A bit like Betamax vs VHS, albeit that one pre-dates me significantly.
and it then becomes a self-perpetuating cycle because the network effect and usage of one product makes it become exponentially more robust & mature than the other. I've heard that Pulsar is buggy basically, and I wouldn't be surprised because it doesn't have thousands of organizations using it in all sorts of ways. It's not its fault too much really
Even StreamNative is effectively abandoning Pulsar and going all-in on the Kafka protocol. I can see the theoretical benefits of Pulsar, but it just doesn’t seem to have the ecosystem momentum to compete with the Kafka juggernaut.
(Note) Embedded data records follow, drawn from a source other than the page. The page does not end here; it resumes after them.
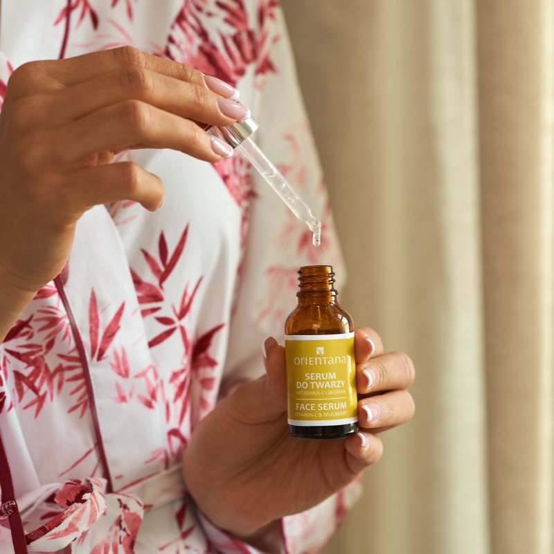 Orientana Vitamin C & Mulberry Face Serum, 30 ml, Pleťová séra pro ženy, Máte pocit, že vaše pleť potřebuje něco víc, než jen péči poskytnutou krémem? Pleťové sérum Orientana Vitamin C & Mulberry Face Serum skvěle obohatí vaši pečující rutinu – pleť bude hýčkat a poskytne jí intenzivní péči. Díky vysoké koncentraci aktivně působících látek bude jeho účinek na pleť mnohonásobně výraznější a rychlejší než u pleťového krému. Aplikaci vám navíc usnadní jeho tekutá textura, která se velmi dobře vstřebá do pleti. Vlastnosti: sjednocuje barevný tón pleti obnovuje pružnost pleti navrací pleti svěžest a mladistvou krásu účinně hydratuje a vyživuje projasňuje zjemňuje Složení: veganský produkt Jak používat: Přiměřené množství séra jemně vklepejte konečky prstů do čisté pleti.
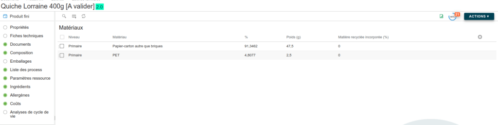 Cette structuration permet de reconstituer la composition réelle des emballages y compris dans le cas de structures multi-matériaux. Les équipes peuvent ainsi identifier rapidement les éléments qui compliquent le recyclage et comparer différentes alternatives dès la phase de conception.
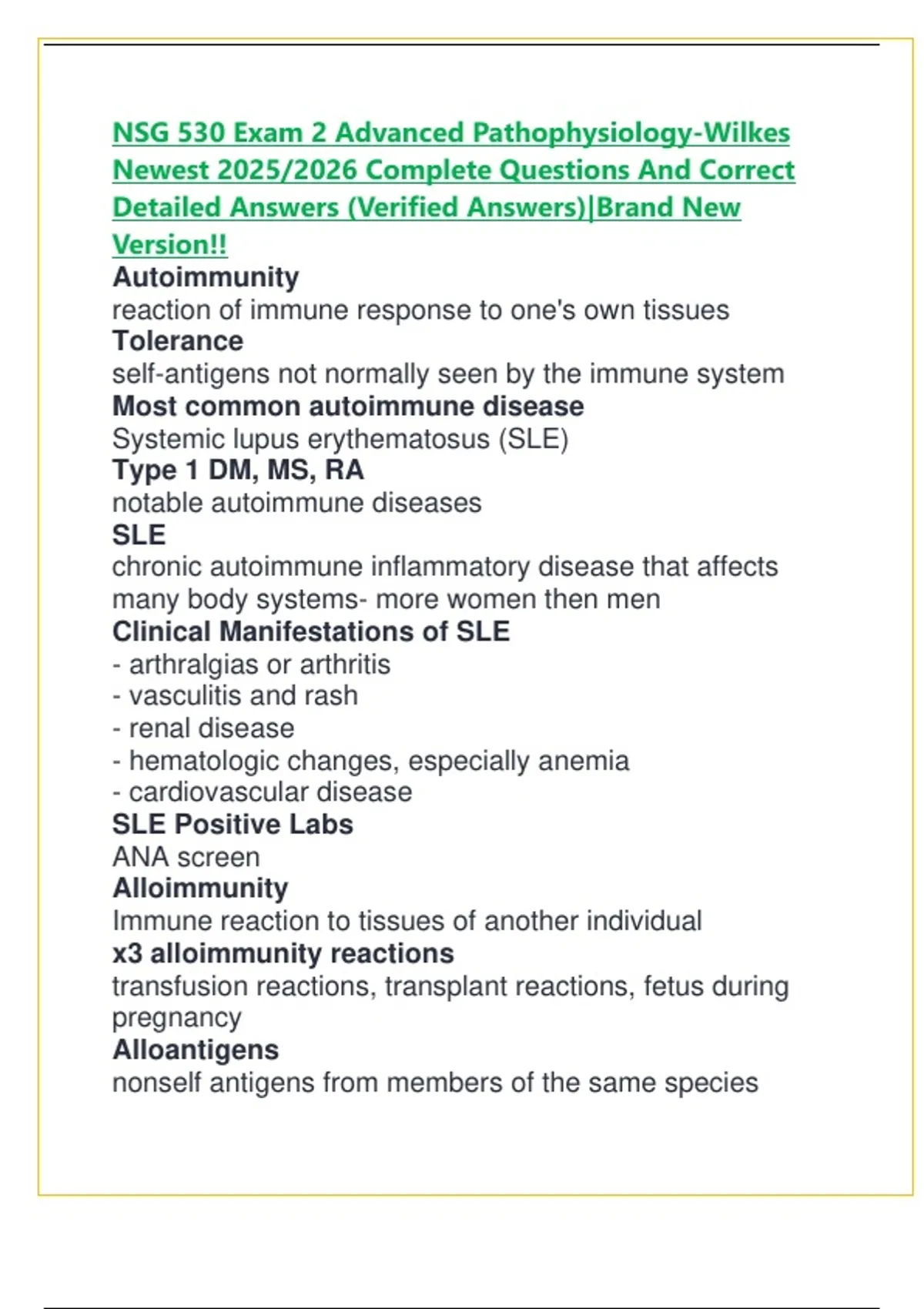 NSG 530 Exam 2 Advanced Pathophysiology-Wilkes

It sure looks like they’re going quite a ways beyond Kafka-on-Pulsar - the Ursa/Oxia work they’re focused on right now replaces BookKeeper and seems very firmly Kafka-oriented. Or does Ursa also work with the Pulsar protocol?
Kafka with a different partitioner would have worked fine. The problem was that the web workers loaded up the same partition. Randomising the chosen partition would have removed, or at least alleviated, the stated problem.
Has anyone used Redpanda? I stumbled upon it when researching streaming, it claims to be Kafka compatible but higher performance and easier to manage. Haven't tried it myself but interested if anyone else has experience.
Plenty of people choose Redpanda because it’s the easiest getting started experience for kafka. There is a single binary for the full broker, where I have never seen Apache Kafka as easy to setup. It’s got a great UI as well.
I'm not sure you understood the article. You can have a very low load but each task on your queue takes a while to process, in which case you want fair distribution of work.
The distribution is fair - everything is round-robin, so in the long run each worker receives the same rate of tasks. It's just "lumpy" - sometimes you can get a big batch sent to one worker, then a big batch sent to another worker - but it will all average out.
Especially for low levels of load, that doesn't require that the dispatcher and consumer are written in the same language.